The Communist Party of Poland (Mijal, sometimes called Marxist–Leninist) was an illegal anti-revisionist Marxist-Leninist communist party founded in 1965 in Albania by Kazimierz Mijal. It was opposed to the Polish United Workers' Party and specifically its leader Władysław Gomułka. It upheld Joseph Stalin against Nikita Khrushchev's criticisms at the 20th Party Congress, instead favoring Maoism and a more hardline stance against the  Catholic clergy, which was opposed by Gomułka. Mijal declared himself Secretary General of the "Temporary Central Committee of the Communist Party of Poland" and took control of Radio Tirana's Polish wing. Mijal's rhetoric proved unpopular to both Polish workers and the intelligentsia, and calls for workers to strike against the government failed to gain support. The Party was supported by China, which helped smuggle pamphlets in Poland, and also had support from the Belgian Maoist La voix du peuple (The Voice of the People), which helped in pamphleteering. Among other prominent members were other Polish communists removed by Gomułka from positions of power such as Hilary Chełchowski and Władysław Dworakowski.  
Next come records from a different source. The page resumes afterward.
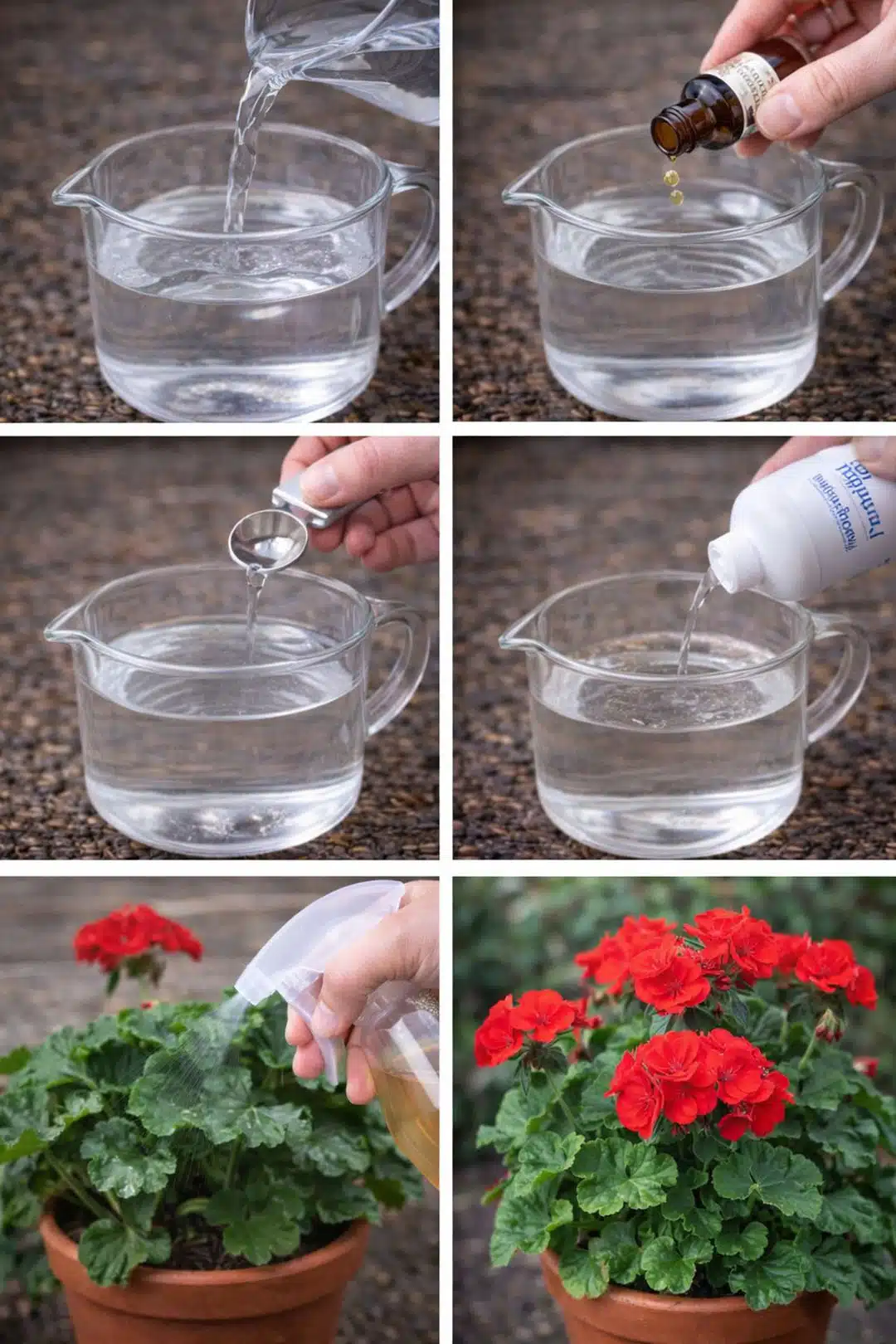 - Utilisez cette préparation pour arroser la terre au pied de vos géraniums, en évitant de trop asperger le feuillage.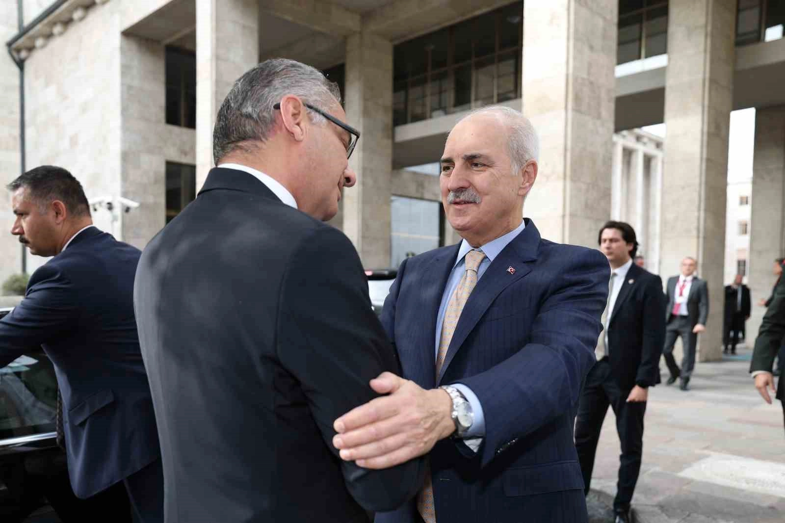 TBMM Başkanı Kurtulmuş, makamında KKTC Cumhurbaşkanı Tufan Erhürman ile bir araya geldi. Kurtulmuş, Meclis’e gelişinde karşıladığı Cumhurbaşkanı Erhürman ile Türkiye ve KKTC bayrakları önünde el sıkıştı. Daha sonra Kurtulmuş ve Erhürman, baş başa görüşme gerçekleştirdi. Numan Kurtulmuş, Azerbaycan-Gürcistan sınırında düşen askeri kargo uçağında kahraman Mehmetçiklerin şehit olmasından dolayı fevkalade büyük bir acı içerisinde olduklarını belirterek, şehitlere Allah’tan rahmet, ailelerine ve Türk milletine sabır diledi. Kurtulmuş, Erhürman’ın ilk resmi ziyaretini Türkiye’ye yapmasının önemli olduğunu belirterek, kendisini TBMM’de ağırlamaktan memnuniyet duyduklarını söyledi. Seçimdeki başarısından dolayı Erhürman’ı tebrik ederek görevinde başarılar dileyen Kurtulmuş, Türkiye ve KKTC’nin ele vererek adadaki Türk halkının haklı davasını bütün uluslararası platformlarda savunmaya devam edeceklerini vurguladı. KKTC ile Türkiye arasındaki ilişkilerin müstesna olduğunu ifade eden Kurtulmuş, bu ilişkilerin şimdiye kadar olgunlaşarak bugünlere kadar geldiğini belirtti. Kurtulmuş, KKTC’nin böylesine önemli bir devlet haline gelene kadar nice badirelerden geçtiğini, nice büyük zulümlerle karşılaştığını, Kıbrıs Türk halkının yok olma tehlikesiyle nasıl karşı karşıya kaldığını bildiklerini ve yakın tarihin Kıbrıs Türkleri bakımından acı sayfalarla dolu olduğunu söyledi. Kurtulmuş, Enosis planları çerçevesinde Kıbrıs’ı tamamıyla Türklerden uzak bir ada haline getirmek istenilen bir yerde yayılmacı ve son derece maksimalist taleplerin artık geçerli olmadığının gün yüzüne çıktığını vurgulayarak, "Bu süreç içerisinde Kıbrıs Barış Harekatımızla birlikte Kıbrıs Türkünün kurtarılması sonrasındaki süreçte hem Kıbrıs Türk halkı hem Türkiye Cumhuriyeti Devleti, son derece yapıcı bir şekilde iki toplumun birlikte var olması için mücadele etmiştir. Hatta ortaya konulan Annan Planı gibi planlar başta olmak üzere birçok plana evet demiş olmasına rağmen maalesef hayır diyen taraf ödüllendirilmiştir. Güney’deki Rum kesimi, Avrupa Birliği’nin tam üyesi olarak kabul edilmiş ve hep şımartılmış, hep öne çıkartılmış ve Kıbrıs Türklerinin üzerinde bir siyasal baskı unsuru haline gelmesine göz yumulmuştur. Ama çok şükür büyük mücadelelerle, büyük fedakarlıklarla 50 yıl artık geride kaldı. Kuzey Kıbrıs Türk Cumhuriyeti de bütün uzuvlarıyla tam manasıyla mükemmel bir devlet haline gelmiştir. Bu devletin varlığının, gücünün uluslararası alanda da tanıtılması en önemli önceliklerimizden birisidir" dedi.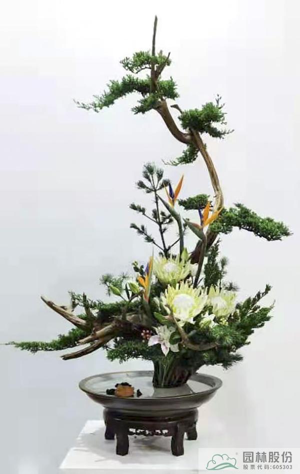 另有極富意境的《云崖青嶠》插花作品,選崖柏、龍柏、鋪地柏、五針?biāo)伞⒌刍驶?、重瓣百合花、粉色和白色金絲桃、天堂鳥,以成云崖青嶠之作。云為雅意,崖寓故訓(xùn),青色入觀,嶠在畫外。如此,松風(fēng)若過,花開舒卷,青紅果結(jié),臨水照影。清澗之曲,碧松之陰,相映成趣,著手成春矣。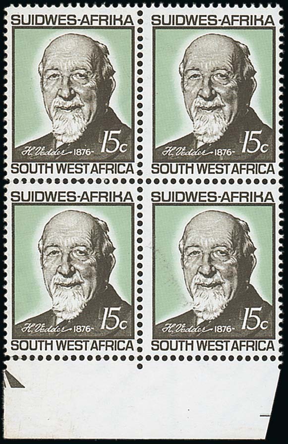 1966 (July) Dr. Vedder 3c. and 15c. colour trails in close to issued colours, both in marginal block of four from the foot of the sheet with part "arrow", fine unmounted mint. SACC R9,600+

With the Sino-Albanian Split in 1978, Mijal had a conflict with Enver Hoxha and moved to China in 1978.  In 1983 he returned illegally to Poland and started criticizing the Jaruzelski regime. Since its inception, the Polish government claimed the Polish Communist Party was a puppet of the Chinese Communist Party and had no support in Poland. The party for all practical purposes if not in intent ceased existence after his return.

References
Kazimierz Mijal -- Dogmatic Diehard or Political Adventurer?, Radio Free Europe Research, Poland, 26 June 1967.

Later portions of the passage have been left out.